=== What the task requires ===
Output only the lines below that start at the line containing "Tasarımın kendisine gelince, Aggiornamenti" and end at the line containing "Gaziantep Üniversitesi Ümmü", with both ends kept.

=== Supplied material ===
++++++++++++++++++++

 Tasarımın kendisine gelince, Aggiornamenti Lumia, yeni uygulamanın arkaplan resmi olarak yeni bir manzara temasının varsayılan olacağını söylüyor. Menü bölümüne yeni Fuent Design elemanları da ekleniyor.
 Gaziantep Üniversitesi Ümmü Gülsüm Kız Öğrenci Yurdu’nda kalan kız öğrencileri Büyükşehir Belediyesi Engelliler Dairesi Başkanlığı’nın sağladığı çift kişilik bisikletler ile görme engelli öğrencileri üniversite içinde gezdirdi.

++++++++++++++++++++

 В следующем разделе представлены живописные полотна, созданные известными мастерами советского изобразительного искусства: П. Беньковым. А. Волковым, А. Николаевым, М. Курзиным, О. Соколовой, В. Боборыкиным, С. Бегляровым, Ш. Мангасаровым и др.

++++++++++++++++++++

=== Solved exercise ===
 Tasarımın kendisine gelince, Aggiornamenti Lumia, yeni uygulamanın arkaplan resmi olarak yeni bir manzara temasının varsayılan olacağını söylüyor. Menü bölümüne yeni Fuent Design elemanları da ekleniyor.
 Gaziantep Üniversitesi Ümmü Gülsüm Kız Öğrenci Yurdu’nda kalan kız öğrencileri Büyükşehir Belediyesi Engelliler Dairesi Başkanlığı’nın sağladığı çift kişilik bisikletler ile görme engelli öğrencileri üniversite içinde gezdirdi.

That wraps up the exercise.